Faith’s “class-room” was Director Leo McCarey’s former office in the Hughes Productions building on Romaine Street in Hollywood—a fabulous Ziegfeldian setting with a magnificent oversized desk, assorted telephones, a record player, a radio, and even a bar—for which they could find no educational use. “You could have put on ‘Joan of Arc’ in there,” her diction coach then, Robert Paris, agrees, adding—“and Faith would be good in that too. She has a deep talent, a certain exciting dramatic quality the great actresses of all time have had—Ethel Barrymore, Bernhardt and Duse.”

To Robert Paris, who coached Rita Hayworth and Ina Claire, among many others,



Howard Hughes entrusted the painstaking job of correcting Faith’s speech impediment. The problem was to build up the muscles in her lower lip and tongue. For six months Paris prescribed using an ordinary tongue depressor. When held underneath the tongue this forced the tongue higher in the mouth, helped in the pronunciation of troublesome “S’s,” “Li’s,” “N’s,” “T’s,” “D’s,” and “Z’s.” Taking a deep-carpeted stance for two hours at a time Faith would hold the depresser under her tongue while she read scripts and poetry.
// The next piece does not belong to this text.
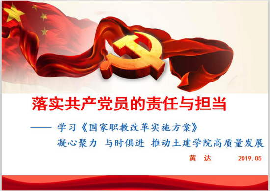 2019年5月15日下午,土木与建筑工程学院党总支书记、院长黄达在1220会议室讲党风廉政党课。黄达书记以《不忘初心 共筑匠心 落实共产党员责任担当》为主题,结合《国家职业教育改革实施方案》(简称“职教20条”)颁布的背景、意义、总体要求与目标,逐条详细介绍了完善国家职业教育体系、构建职业教育国家标准、促进产教融合校企“双元”育人等七大方面共20条实施细则,并对推进高等职业教育高质量发展、多措并举打造“双师型”教师队伍、启动1+X证书制度试点、坚持知行合一、工学结合、推动企业和社会力量举办高质量职业教育等与学院建设发展密切的相关内容进行了重点解读。

Later she learned to read with a cork held round-wise in her mouth to relax her jaw and build up her lower lip’s strength. After this there followed weeks when she read lines with a toothpick across her eyeteeth. If the muscles didn’t work correctly the toothpick broke. There were times when it did, But at last—it didn’t—and Faith’s lisp had disappeared.






Every morning at nine Faith reported for “school” and worked there until one o’clock. Ask her today if she didn’t weary of those five years of tutoring and waiting and she says, “No, I was always too busy. It was a great opportunity, and it was thrilling for me to find my lisp disappearing and my figure improving.” Howard Hughes never seemed to worry as to when results would be apparent. If not one day, then the next day—or the next year. “He feels you can overcome anything if you try hard enough.”

During these years Hughes guided Faith’s destiny completely via remote control, never appearing in the building during the hours she was there but telephoning her frequently to offer suggestions and ask how she was getting along.



“It was so strange,” she says now, “taking orders from someone you never saw. And when you get a compliment from Mr. Hughes,” she says, “it’s worth a hundred from anyone else.”

As, for instance, one day in 1946, when she had begun working on “Vendetta.” It was Christmas and she remembers so well when Hughes, who had never been on the set, called her and told her he thought she was doing very well. “I was elated for days!” she remembers. This was during the period of his own recuperation from plane crash injuries. But he had had Faith’s rushes run for him.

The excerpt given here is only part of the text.